Monday, February 2, 2009

This place is ni-iiiice


We're out in a place called Point Piper at the moment. I'm sitting on a deck, looking out at onto the rippling harbor. There are boats and boats, and boats, and a couple in a kayak moving slowly along. From here it looks like a husband and wife. Perhaps they've retired here, and can now afford themselves the great pleasures of doing little things like gliding out onto the water, only to sit there and enjoy the breeze for a while. Must be nice. Meanwhile, my mind has been aching for stimulation, begging me to pick up a book, or read the paper. After two weeks of the most fun I think I've ever had, it's probably a good idea.
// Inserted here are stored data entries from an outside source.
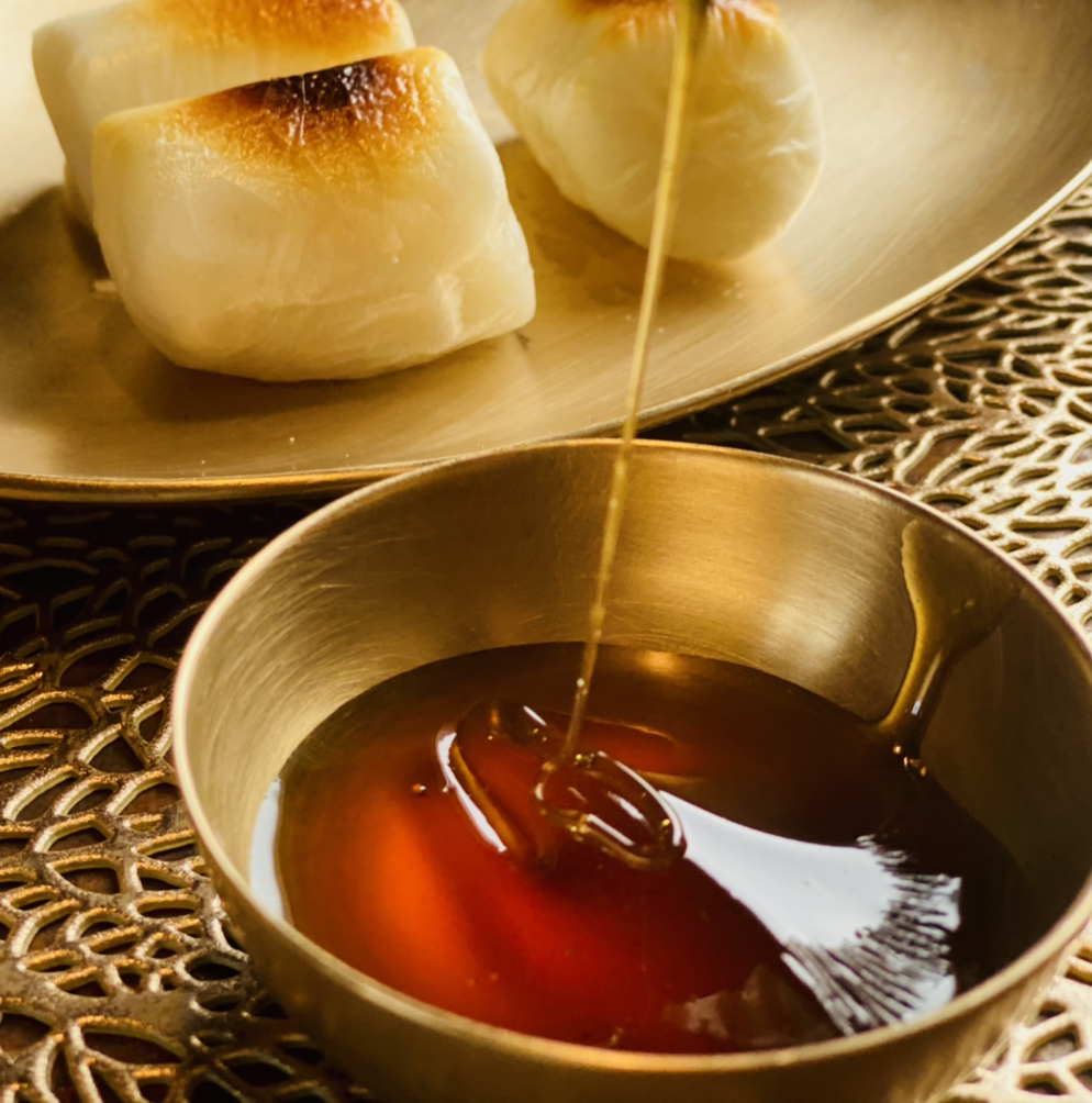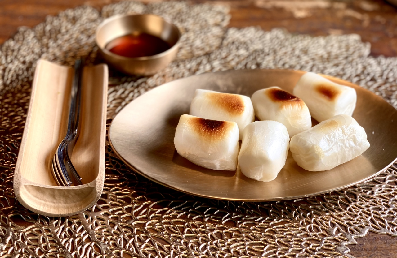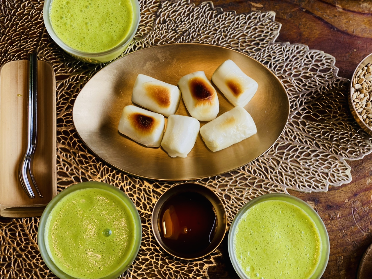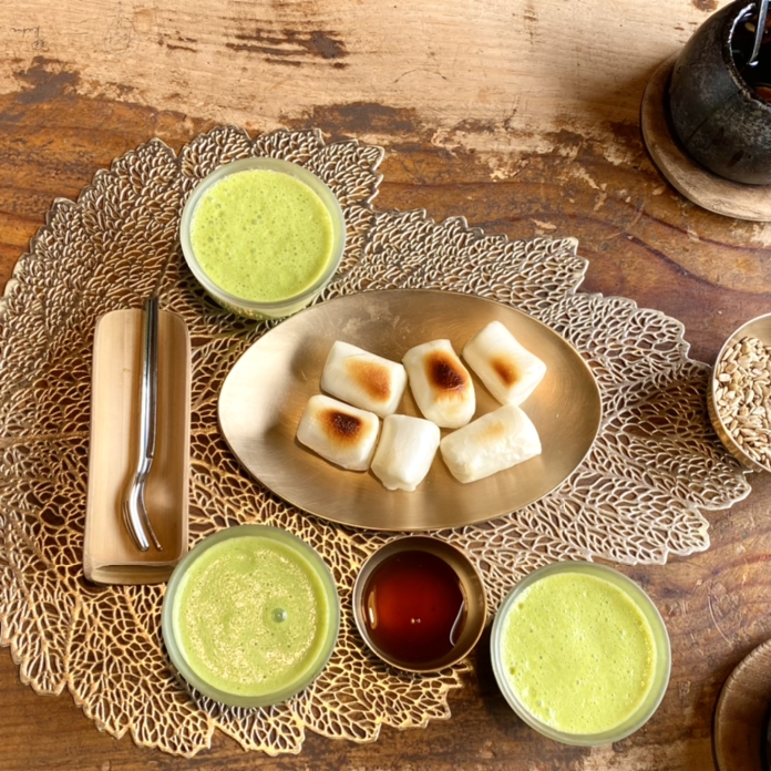 잠시 후 구운 떡과 조청이 나왔다. 그리고 솔잎 스무디도 곁들이로 나왔다. 연둣빛이 솔잎 스무디다. 후식으로 먹으라고 나온 것이다.
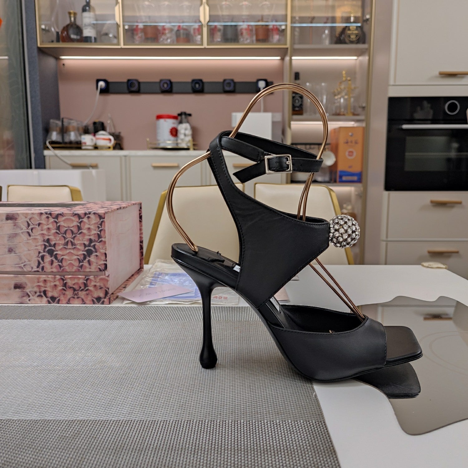 Jimmy 25 Sandal Heels Black Cowhide 240086
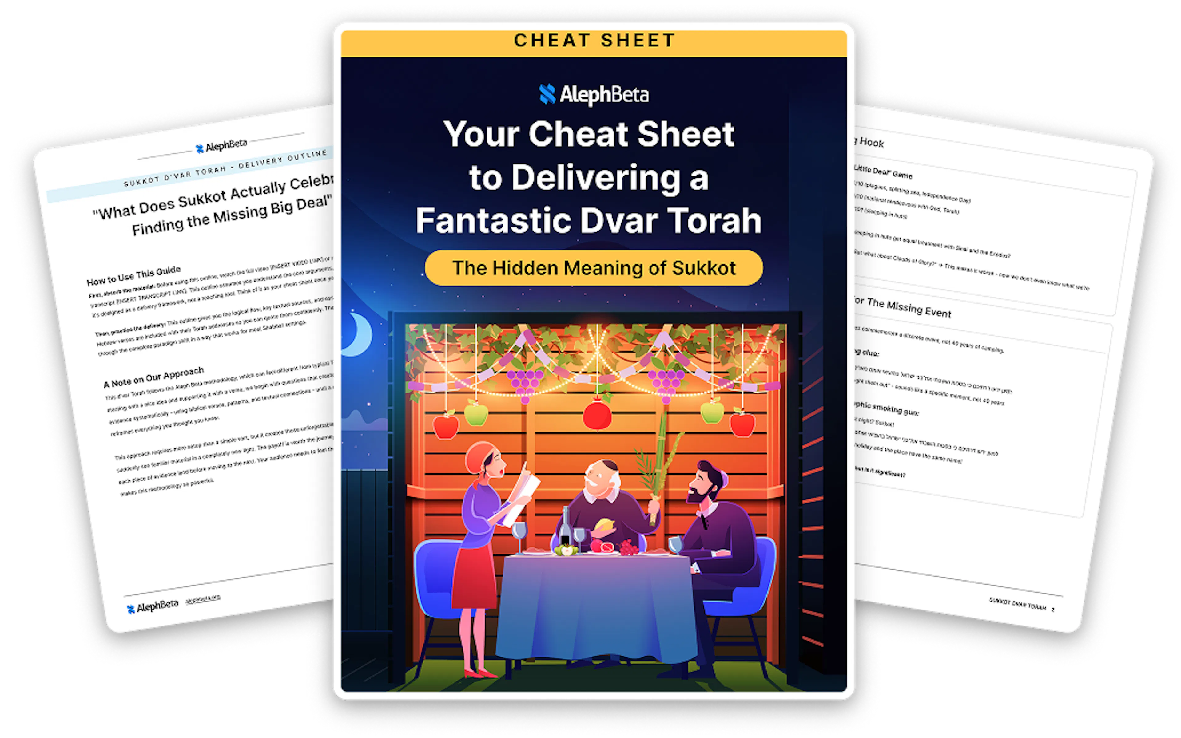 We thought about what we would want to have in hand at our Sukkot table — something that would actually engage our guests and spark meaningful conversation — and we've gathered it for you in this one easy package. It's not just another surface-level Torah thought, it's genuinely compelling content that builds suspense, delivers surprising insights, and will have everyone at your table saying "I never thought of it that way!" And it's completely free when you start a free trial with Aleph Beta. Free! If you don't like it, you can cancel your subscription before your free trial ends, and you won't ever be charged. There's NO risk. And did we mention that by subscribing to Aleph Beta, you're supporting a nonprofit organization that is committed to delivering exceptional Torah content to you and users around the world?
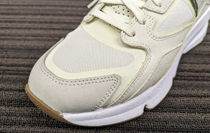 アッパーにレザーが多用されていますが、メッシュの部分は通気性がよいため、靴の中が蒸れることはありません。
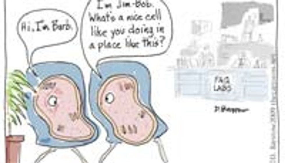 And it's not just humans who are getting in on the fuckfest action. Why, just imagine if stem cells were conservative, and could talk! They'd probably romance each other and have stem-sex, next to a potted plant! (What is it with these people and the potted plants? Is this some sick fetish I'm unaware of?) Anyway, these two stem cells are named "Barb" and "Jim-Bob," and they're obviously in the opening stages of sexy romance. You can tell they're conservative because they're actually exchanging names rather than just having sex right there on the chairs, like the liberals do; they won't actually have the stem-cell equivalent of intercourse until the third date, after they've pretended that they might get married, someday. Hooray for Jesus! No, seriously, I would be very grateful if someone could explain to me what the fuck this cartoon is supposed to be about.

I feel as though I haven't been a part of an intellectual discussion in ages. There are definitely some smart folks living in Sydney, don't get me wrong. But, it seems as if things like reading and films and the news sort of take a back seat to beaching and partying. It could very well be that I've only been surrounding myself with the social youth, surely. All I know is that in New York, I constantly felt mentally motivated. I was always wanting to learn and know more, and to be as filled with knowledge as possible. I need to generate some introspection out here, to feel like I'm growing in some way or another. Jess thinks I'm crazy. She thinks I should get out of my head and stop feeling so guilty about things. It's funny to hear that from her. Back home I was always the voice beside her, telling her to live in the present, to let go of the what ifs. I'll find a common ground one way or the other, I just need to figure out how. Today will be a good day. A 20 minute walk to the beach, a sandy soft cover book, and some Bob Marly will put me in the right space for now.